Records »
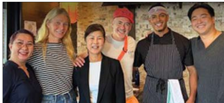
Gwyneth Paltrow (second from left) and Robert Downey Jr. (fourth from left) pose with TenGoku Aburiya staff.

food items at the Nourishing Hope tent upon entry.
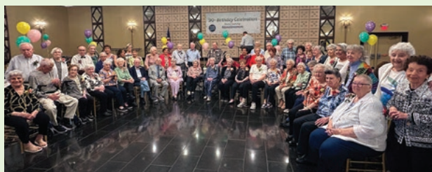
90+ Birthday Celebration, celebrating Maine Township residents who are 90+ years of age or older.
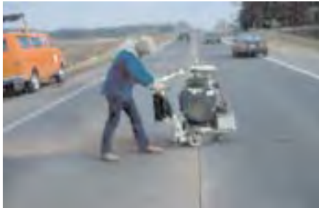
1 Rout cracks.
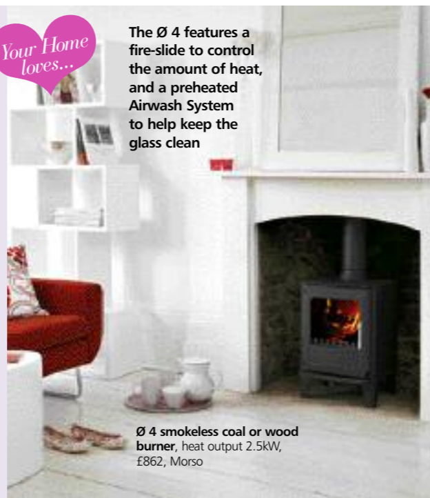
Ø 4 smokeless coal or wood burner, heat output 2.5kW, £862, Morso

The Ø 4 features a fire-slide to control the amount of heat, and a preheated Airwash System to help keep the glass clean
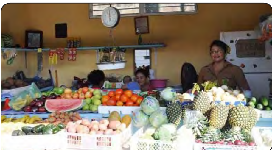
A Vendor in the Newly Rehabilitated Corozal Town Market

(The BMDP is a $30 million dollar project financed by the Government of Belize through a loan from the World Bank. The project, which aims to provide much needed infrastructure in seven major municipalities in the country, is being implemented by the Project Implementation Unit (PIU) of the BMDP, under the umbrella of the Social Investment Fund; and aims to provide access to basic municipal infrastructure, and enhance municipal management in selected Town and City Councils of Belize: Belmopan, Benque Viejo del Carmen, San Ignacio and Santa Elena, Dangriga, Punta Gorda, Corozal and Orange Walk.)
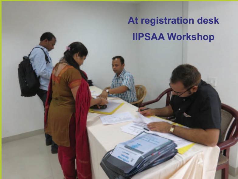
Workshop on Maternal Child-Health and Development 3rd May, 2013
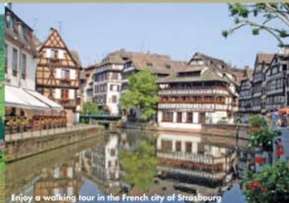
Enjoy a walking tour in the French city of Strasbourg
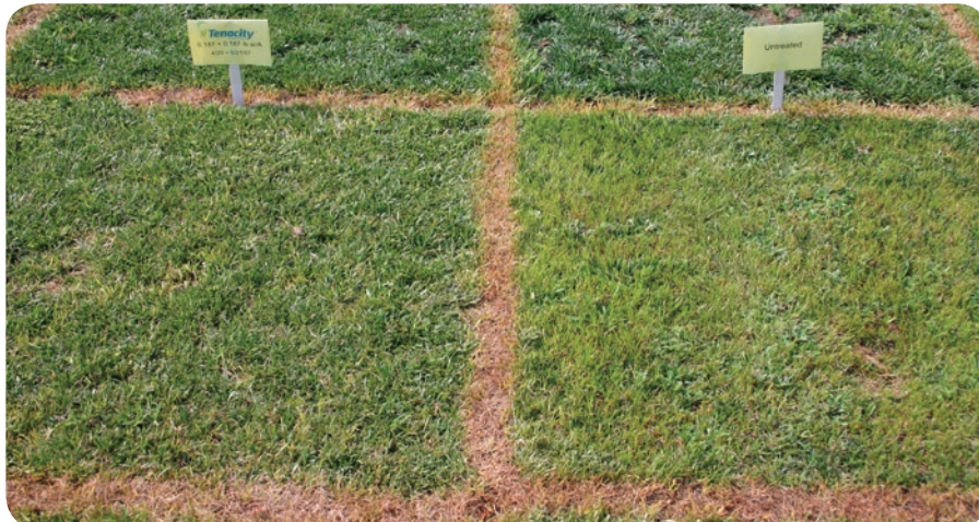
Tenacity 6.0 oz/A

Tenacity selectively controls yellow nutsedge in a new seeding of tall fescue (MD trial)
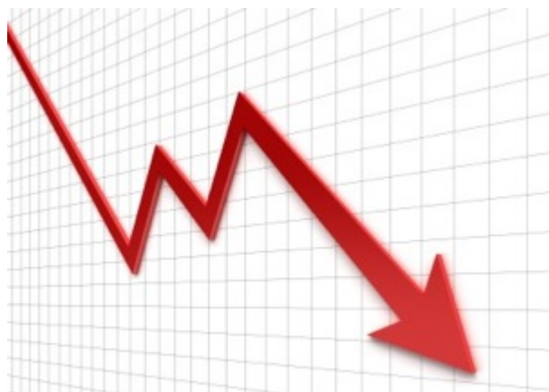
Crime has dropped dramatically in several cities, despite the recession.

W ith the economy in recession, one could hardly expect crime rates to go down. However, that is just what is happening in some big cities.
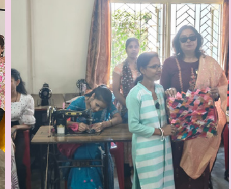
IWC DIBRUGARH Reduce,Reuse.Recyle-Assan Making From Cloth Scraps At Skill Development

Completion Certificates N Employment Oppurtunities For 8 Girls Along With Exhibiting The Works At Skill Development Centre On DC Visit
--
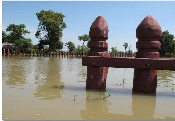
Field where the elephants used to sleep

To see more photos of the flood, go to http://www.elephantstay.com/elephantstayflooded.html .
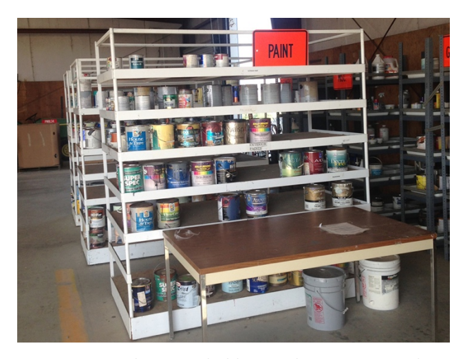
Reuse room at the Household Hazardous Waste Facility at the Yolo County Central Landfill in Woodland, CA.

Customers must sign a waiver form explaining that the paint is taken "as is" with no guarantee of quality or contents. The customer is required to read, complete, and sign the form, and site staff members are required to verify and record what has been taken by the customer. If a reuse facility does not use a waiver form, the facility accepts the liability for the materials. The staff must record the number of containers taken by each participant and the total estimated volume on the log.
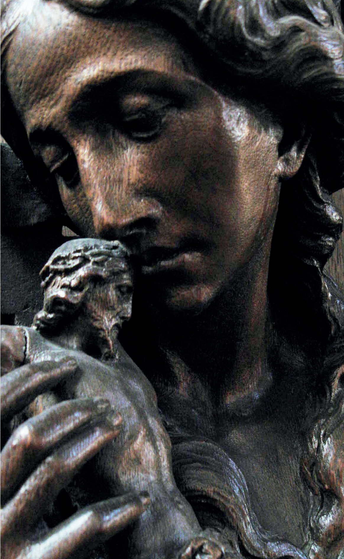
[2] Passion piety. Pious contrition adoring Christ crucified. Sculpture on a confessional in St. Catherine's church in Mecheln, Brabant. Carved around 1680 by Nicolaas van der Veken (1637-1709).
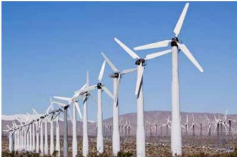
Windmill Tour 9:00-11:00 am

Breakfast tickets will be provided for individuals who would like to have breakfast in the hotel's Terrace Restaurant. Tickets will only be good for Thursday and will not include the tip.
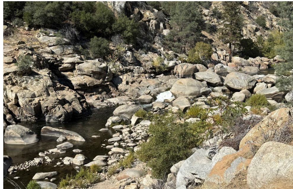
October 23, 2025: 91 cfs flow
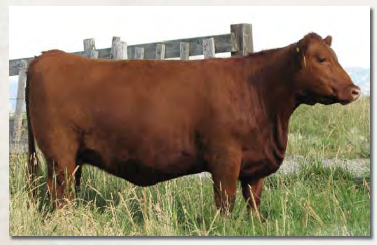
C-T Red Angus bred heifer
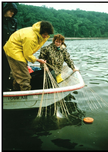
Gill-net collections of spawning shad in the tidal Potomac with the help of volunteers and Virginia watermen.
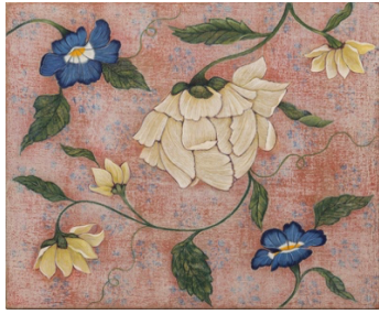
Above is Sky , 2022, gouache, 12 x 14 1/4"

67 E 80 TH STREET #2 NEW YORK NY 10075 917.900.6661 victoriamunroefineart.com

Your assignment » Search the material for the word "heat" and copy each line where it occurs.

Task answer »
Ø 4 smokeless coal or wood burner, heat output 2.5kW, £862, Morso
The Ø 4 features a fire-slide to control the amount of heat, and a preheated Airwash System to help keep the glass clean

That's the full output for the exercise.